SOURCE INFORMATION |
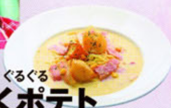
アステテン meets ぐるぐる ほくほくポテト
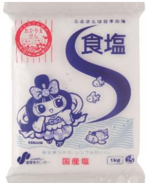
パッケージに「そるるんひめ」を掲載している「食塩 1kg」
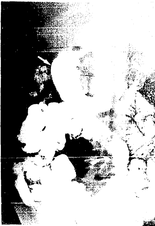
FIG 3: FORMA CIRCUNFERENCIAL Y NODULAR MULTIPLE SITUADA EN DUODENO (FLECHA) E ILEON PROXIMAL (FLECHA CURVA).
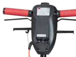
Mâner ergonomic, reglabil pe înălțime, cu buton central de siguranță maneta de comandă pentru rezervorul de detergent
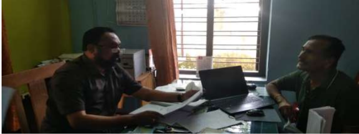
വില്ലേജ് ഓഫീസറുമായി പഠന യൂണിറ്റ് അംഗം ചർച്ച ചെയ്യുന്നു
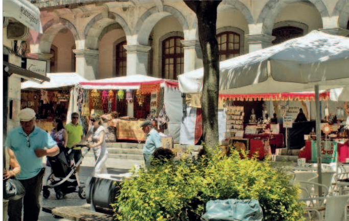
■ Воскресная ярмарка в Браге

Путеводитель по Португалии подробно рассказывает о самых интересных достопримечательностях страны, которые расположены в пяти его важнейших городах – Лисабоне, Порту, Коимбре, Браге и Эворе. Специально разработанные маршруты помогают сориентироваться во времени и пространстве. Тематическая прогулка «Шпионский Лиссабон» погружает в мир секретных агентов Второй мировой войны. Инструкции о том, как само-
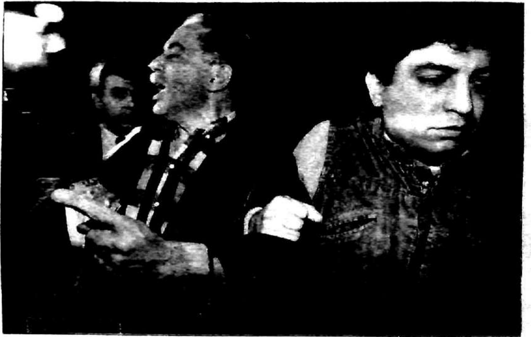
"... A Altamira lo vemos con su dedo acusador mientras es bajado por la fuerza bruta por las escaleras de la Casa Rosada después de haber denunciado a los saqueadores del país durante la hiperinflación alfonsiniana del '89..."

Cuarta razón: el FIT es la única expresión internacionalista, que lucha
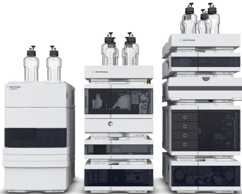
Agilent 1220 Infinity II LC

일상 분석부터 첨단 연구까지, Agilent InfinityLab LC 시리즈는 모든 응용 분야와 예산에 관계 없이 최고의 효율성을 달성할 수 있도록 적합한 폭 넓은 LC 시스템과 솔루션 포트폴리오를 제공합니다.
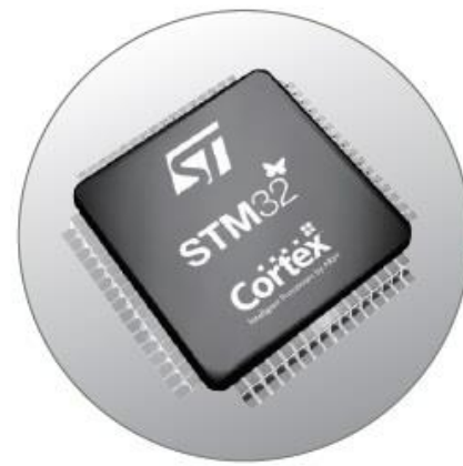
MCU de Alto Rendimiento

El software de transferencia de Hi-Target soporta diferentes tipos de formato de datos de salida, que se pueden usar en CivilCAD o software de postproceso de otras marcas.

EXERCISE BRIEF |
Please give the data above again in exact form and omit every picture.

WRITTEN ANSWER |
アステテン meets ぐるぐる ほくほくポテト
パッケージに「そるるんひめ」を掲載している「食塩 1kg」
FIG 3: FORMA CIRCUNFERENCIAL Y NODULAR MULTIPLE SITUADA EN DUODENO (FLECHA) E ILEON PROXIMAL (FLECHA CURVA).
Mâner ergonomic, reglabil pe înălțime, cu buton central de siguranță maneta de comandă pentru rezervorul de detergent
വില്ലേജ് ഓഫീസറുമായി പഠന യൂണിറ്റ് അംഗം ചർച്ച ചെയ്യുന്നു
■ Воскресная ярмарка в Браге

Путеводитель по Португалии подробно рассказывает о самых интересных достопримечательностях страны, которые расположены в пяти его важнейших городах – Лисабоне, Порту, Коимбре, Браге и Эворе. Специально разработанные маршруты помогают сориентироваться во времени и пространстве. Тематическая прогулка «Шпионский Лиссабон» погружает в мир секретных агентов Второй мировой войны. Инструкции о том, как само-
"... A Altamira lo vemos con su dedo acusador mientras es bajado por la fuerza bruta por las escaleras de la Casa Rosada después de haber denunciado a los saqueadores del país durante la hiperinflación alfonsiniana del '89..."

Cuarta razón: el FIT es la única expresión internacionalista, que lucha
Agilent 1220 Infinity II LC

일상 분석부터 첨단 연구까지, Agilent InfinityLab LC 시리즈는 모든 응용 분야와 예산에 관계 없이 최고의 효율성을 달성할 수 있도록 적합한 폭 넓은 LC 시스템과 솔루션 포트폴리오를 제공합니다.
MCU de Alto Rendimiento

El software de transferencia de Hi-Target soporta diferentes tipos de formato de datos de salida, que se pueden usar en CivilCAD o software de postproceso de otras marcas.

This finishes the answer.